## [Data to process]
- Opening Delimiter -

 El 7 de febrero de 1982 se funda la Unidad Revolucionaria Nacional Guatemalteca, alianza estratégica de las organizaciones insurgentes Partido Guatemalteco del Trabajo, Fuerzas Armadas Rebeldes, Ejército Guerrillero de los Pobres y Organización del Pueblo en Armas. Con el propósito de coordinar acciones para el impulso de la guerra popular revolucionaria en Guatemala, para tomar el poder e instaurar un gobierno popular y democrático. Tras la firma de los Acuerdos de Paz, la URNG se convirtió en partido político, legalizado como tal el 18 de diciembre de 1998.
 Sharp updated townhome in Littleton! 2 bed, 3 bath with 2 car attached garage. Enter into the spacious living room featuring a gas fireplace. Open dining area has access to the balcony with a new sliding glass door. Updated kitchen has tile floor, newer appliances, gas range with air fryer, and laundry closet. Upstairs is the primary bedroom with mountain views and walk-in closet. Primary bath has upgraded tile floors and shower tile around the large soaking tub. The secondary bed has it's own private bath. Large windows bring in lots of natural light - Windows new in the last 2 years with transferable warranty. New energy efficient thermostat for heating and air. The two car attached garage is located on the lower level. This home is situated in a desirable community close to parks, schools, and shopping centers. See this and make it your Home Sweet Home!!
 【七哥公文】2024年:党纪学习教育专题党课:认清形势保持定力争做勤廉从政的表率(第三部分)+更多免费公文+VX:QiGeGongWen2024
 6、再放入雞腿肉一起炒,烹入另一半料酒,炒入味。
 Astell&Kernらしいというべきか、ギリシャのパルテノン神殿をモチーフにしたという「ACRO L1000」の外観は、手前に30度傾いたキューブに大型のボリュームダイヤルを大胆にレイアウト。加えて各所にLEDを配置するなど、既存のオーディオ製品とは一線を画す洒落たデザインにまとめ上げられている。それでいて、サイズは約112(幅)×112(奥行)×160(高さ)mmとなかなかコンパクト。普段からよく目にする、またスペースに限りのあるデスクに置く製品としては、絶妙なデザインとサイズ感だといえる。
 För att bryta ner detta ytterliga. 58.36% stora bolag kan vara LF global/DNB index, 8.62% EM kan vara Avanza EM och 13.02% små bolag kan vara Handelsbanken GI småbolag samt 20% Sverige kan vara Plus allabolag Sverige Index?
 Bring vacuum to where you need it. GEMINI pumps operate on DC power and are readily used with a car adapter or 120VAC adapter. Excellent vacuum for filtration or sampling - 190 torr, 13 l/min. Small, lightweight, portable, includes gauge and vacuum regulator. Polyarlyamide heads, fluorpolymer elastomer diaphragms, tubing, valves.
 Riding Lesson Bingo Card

- Closing Delimiter -
- Opening Delimiter -

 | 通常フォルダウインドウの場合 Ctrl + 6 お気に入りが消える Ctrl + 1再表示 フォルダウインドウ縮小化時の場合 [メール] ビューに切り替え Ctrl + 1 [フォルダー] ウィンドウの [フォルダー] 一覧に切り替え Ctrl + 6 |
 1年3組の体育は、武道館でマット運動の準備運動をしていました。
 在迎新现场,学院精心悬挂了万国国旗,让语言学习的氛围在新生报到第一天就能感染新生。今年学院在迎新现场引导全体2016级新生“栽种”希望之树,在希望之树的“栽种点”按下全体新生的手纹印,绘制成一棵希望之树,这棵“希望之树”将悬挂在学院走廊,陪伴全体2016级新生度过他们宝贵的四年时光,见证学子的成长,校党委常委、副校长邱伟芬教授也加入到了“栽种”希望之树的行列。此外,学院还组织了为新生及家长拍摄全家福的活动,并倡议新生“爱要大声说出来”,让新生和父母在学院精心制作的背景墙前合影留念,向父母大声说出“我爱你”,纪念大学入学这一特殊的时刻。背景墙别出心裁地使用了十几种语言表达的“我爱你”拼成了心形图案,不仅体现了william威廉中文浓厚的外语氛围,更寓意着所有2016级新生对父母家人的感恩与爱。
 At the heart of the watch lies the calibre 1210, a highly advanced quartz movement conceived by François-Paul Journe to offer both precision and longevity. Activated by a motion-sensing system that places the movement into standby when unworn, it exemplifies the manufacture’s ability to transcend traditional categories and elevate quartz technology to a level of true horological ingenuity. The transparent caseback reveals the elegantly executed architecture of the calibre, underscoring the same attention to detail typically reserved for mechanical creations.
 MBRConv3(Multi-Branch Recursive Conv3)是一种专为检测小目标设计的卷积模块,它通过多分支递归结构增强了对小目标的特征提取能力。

- Closing Delimiter -
- Opening Delimiter -

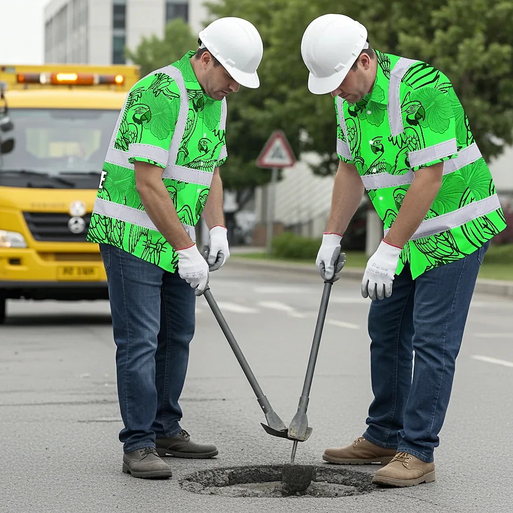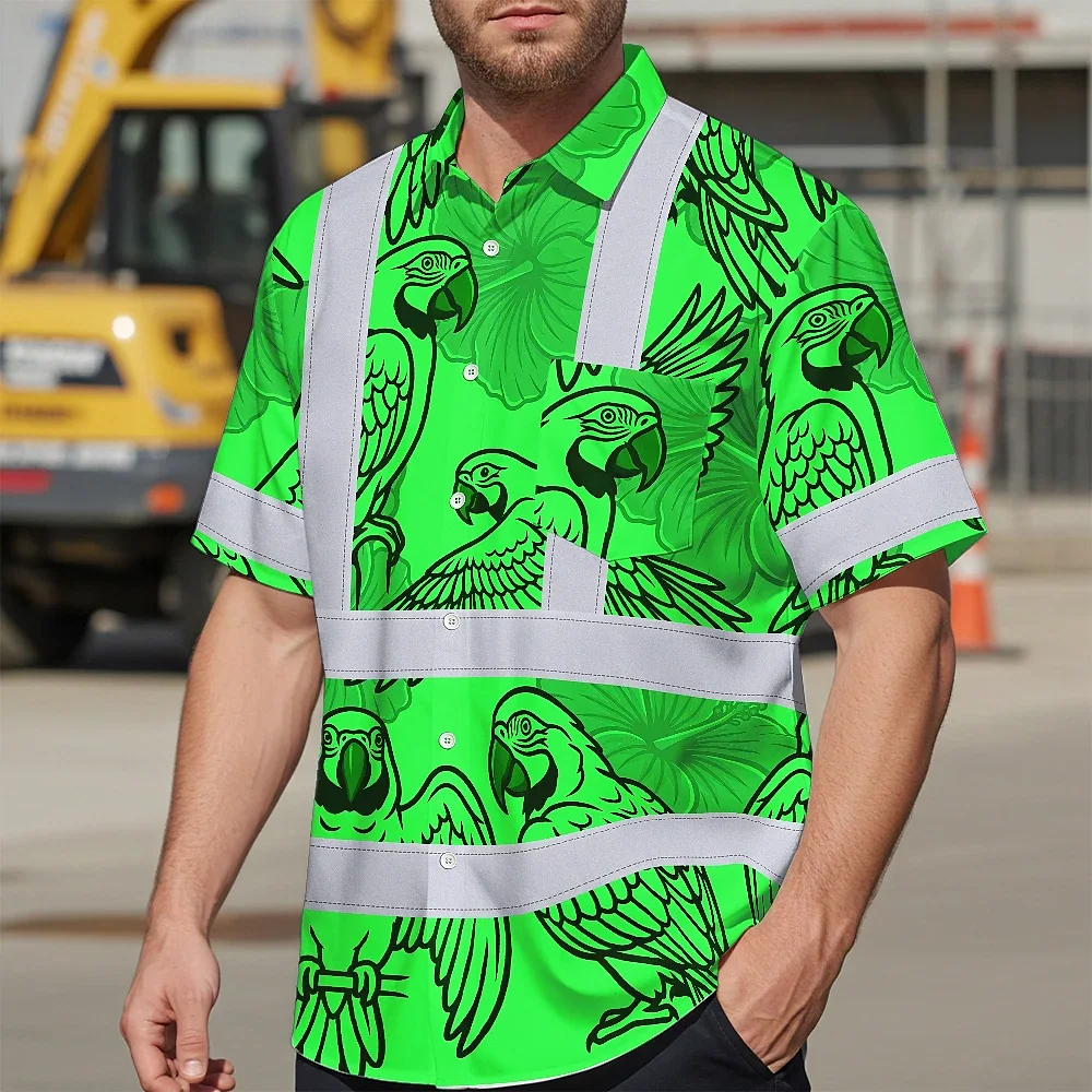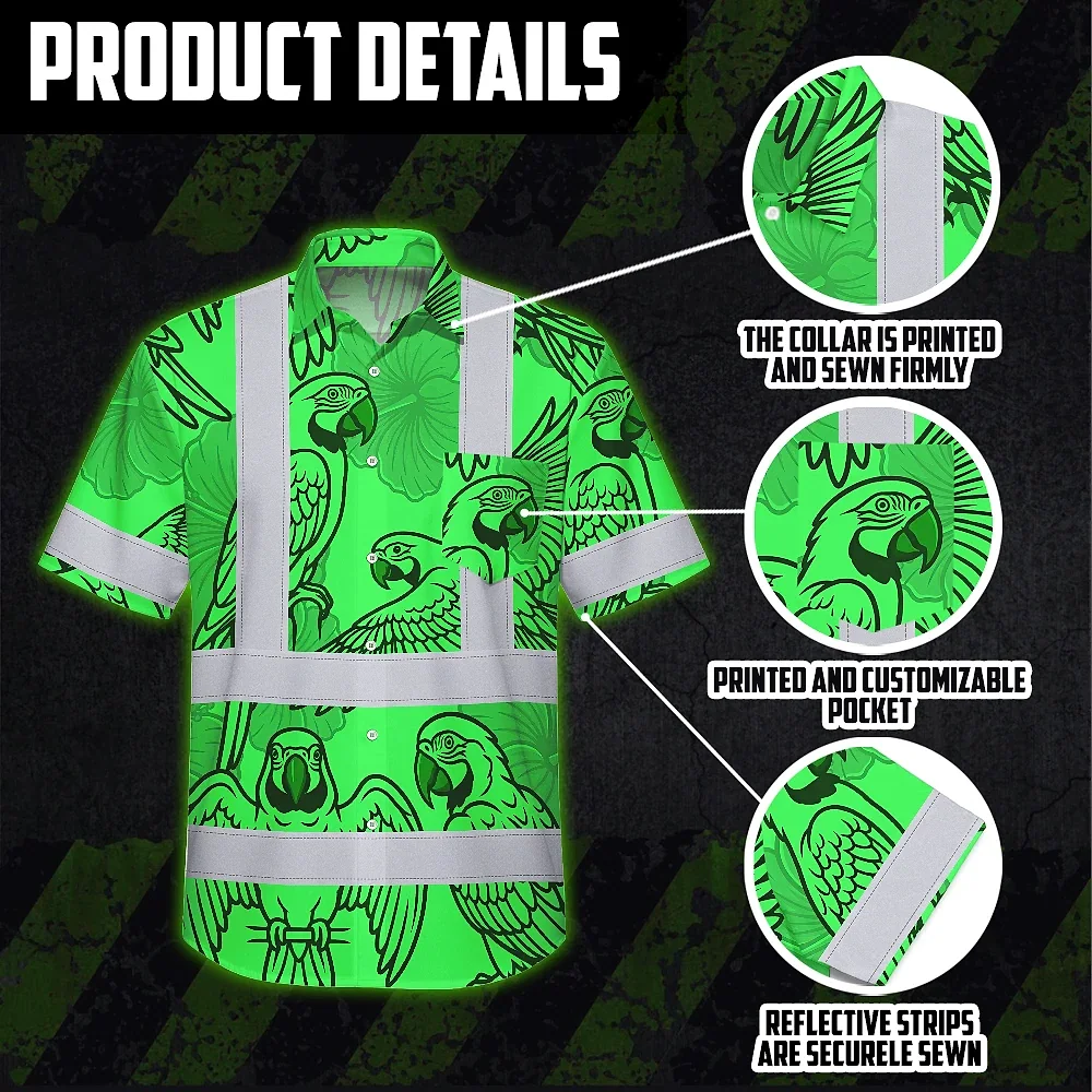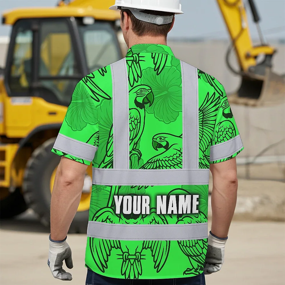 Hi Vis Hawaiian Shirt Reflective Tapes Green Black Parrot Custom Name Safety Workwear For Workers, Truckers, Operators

- Closing Delimiter -

## [About this task]
The expected output is exactly the lines of the listing above between the line holding "El 7 de febrero" and the line holding "För att bryta", inclusive.

## [Result of this exercise]
 El 7 de febrero de 1982 se funda la Unidad Revolucionaria Nacional Guatemalteca, alianza estratégica de las organizaciones insurgentes Partido Guatemalteco del Trabajo, Fuerzas Armadas Rebeldes, Ejército Guerrillero de los Pobres y Organización del Pueblo en Armas. Con el propósito de coordinar acciones para el impulso de la guerra popular revolucionaria en Guatemala, para tomar el poder e instaurar un gobierno popular y democrático. Tras la firma de los Acuerdos de Paz, la URNG se convirtió en partido político, legalizado como tal el 18 de diciembre de 1998.
 Sharp updated townhome in Littleton! 2 bed, 3 bath with 2 car attached garage. Enter into the spacious living room featuring a gas fireplace. Open dining area has access to the balcony with a new sliding glass door. Updated kitchen has tile floor, newer appliances, gas range with air fryer, and laundry closet. Upstairs is the primary bedroom with mountain views and walk-in closet. Primary bath has upgraded tile floors and shower tile around the large soaking tub. The secondary bed has it's own private bath. Large windows bring in lots of natural light - Windows new in the last 2 years with transferable warranty. New energy efficient thermostat for heating and air. The two car attached garage is located on the lower level. This home is situated in a desirable community close to parks, schools, and shopping centers. See this and make it your Home Sweet Home!!
 【七哥公文】2024年:党纪学习教育专题党课:认清形势保持定力争做勤廉从政的表率(第三部分)+更多免费公文+VX:QiGeGongWen2024
 6、再放入雞腿肉一起炒,烹入另一半料酒,炒入味。
 Astell&Kernらしいというべきか、ギリシャのパルテノン神殿をモチーフにしたという「ACRO L1000」の外観は、手前に30度傾いたキューブに大型のボリュームダイヤルを大胆にレイアウト。加えて各所にLEDを配置するなど、既存のオーディオ製品とは一線を画す洒落たデザインにまとめ上げられている。それでいて、サイズは約112(幅)×112(奥行)×160(高さ)mmとなかなかコンパクト。普段からよく目にする、またスペースに限りのあるデスクに置く製品としては、絶妙なデザインとサイズ感だといえる。
 För att bryta ner detta ytterliga. 58.36% stora bolag kan vara LF global/DNB index, 8.62% EM kan vara Avanza EM och 13.02% små bolag kan vara Handelsbanken GI småbolag samt 20% Sverige kan vara Plus allabolag Sverige Index?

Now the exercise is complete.